Filtered Sunshine
Skylight is the debut album from Kid Smpl, and that’s “simple,” not to be confused with “sample” or anything else you might be thinking of. Smpl actually started out as Kid Simple, but cut out the superfluous vowels. This is Joey Butler, a young producer from Seattle making the kind of music you might be thinking a young producer from Seattle would make.
Skylight is a dozen songs built on a foundation of soft, vague, ambient synthesizer melodies gradually warming up like a radiating space heater inside your headphones. Bursts of heavily distorted vocal samples twist rhythmically through many of the tracks. Sometimes, but not always, elements of percussion lace a sense of time into the music, often using little more than a high-hat and a snare. This is the record you listen to before bed time to calm yourself down.
The music of Skylight itself is well done, soothing and engaging, but it is not for the impatient listener.
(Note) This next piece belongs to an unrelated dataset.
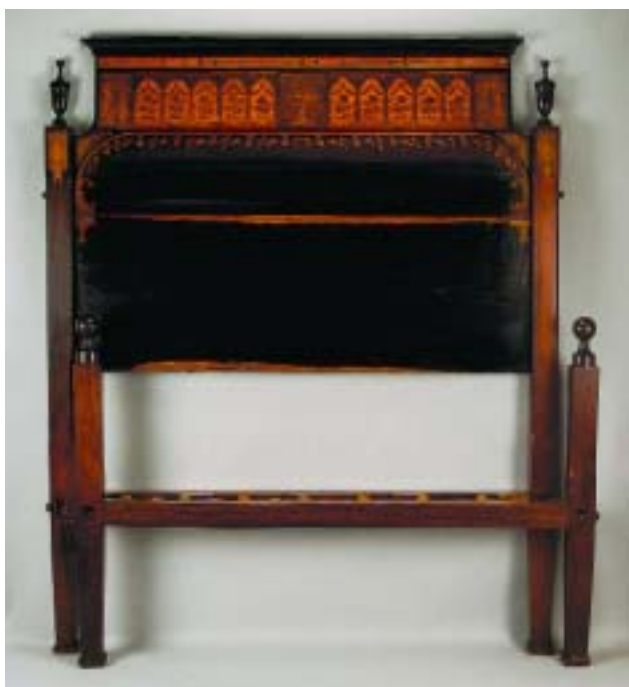
297 CAMA DE CASAL D. MARIA EM PAU SANTO COM EMBUTIDOS, portuguesa, séc. XVIII, pequenas faltas e defeitos Dim. - 181 x 217 x 151 cm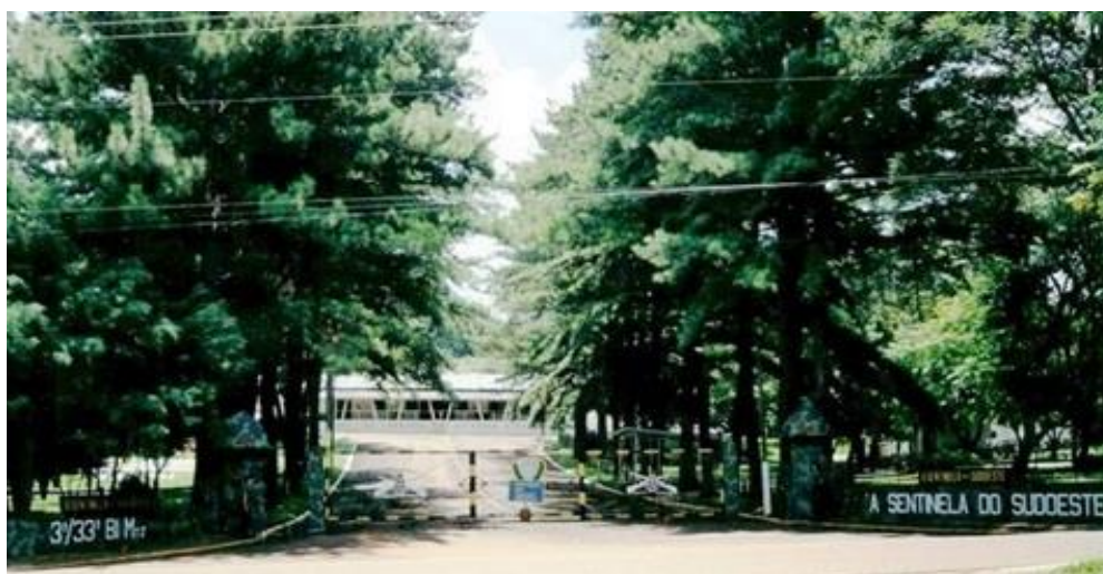
Figura 6. Portão principal do quartel de Francisco Beltrão/PR na década de 1990 com sua denominação histórica.

Francisco Beltrão, o grupo guerrilheiro realizou uma emboscada 15 . E que este combate armado produziu uma vítima fatal que mais tarde se transformaria em herói da Ditadura Militar: o 3º Sargento Carlos Argemiro de Camargo. Camargo foi alvejado várias vezes ao desembarcar da viatura quando realizou contato com o grupo de Cardim. (AUGUSTO, 2002) Entretanto, estudos recentes apontam que a situação pouco esclarecida da morte de Camargo pode ter encoberto algo inadmissível para os militares em tempos de repressão, a incompetência militar em combate. Há indícios de que o herói pode ter sido morto pelas armas dos próprios companheiros de pelotão durante o confronto armado, a “tese do tiro amigo”. (ZATTA, 2013) 16

The songs are generally repetitive and don’t seem to develop so much as they settle into tones and emphasize themselves. Many tracks have an almost identical palette. Some would say they all sound the same, and that may be somewhat true. What makes this interesting, however is the way these mostly similar tracks are presented.
Every one of Smpl’s songs on Skylight has its own unique feel despite the mantra-like repetition that seems to pervade them so much, and they seem to change their intensity in ebbs and flows throughout the record. As each subsequent track becomes stronger, louder, and more bold throughout the album, the whole thing starts to feel like one long symphony broken up into movements. It’s a strange and impressive effect, but it may be lost on those who lose interest before things get interesting.
This is a record made for sitting still, and one that fits in nicely with the values of some of the great classics of ambient and minimalist music. Kid Smpl’s music here is not dramatic or spirited, it’s subdued, serene, and sometimes practically grey. Like taking a walk in the autumn rain, Skylight will either fill you with calm and placidity or make you want to skip to the end and stay dry.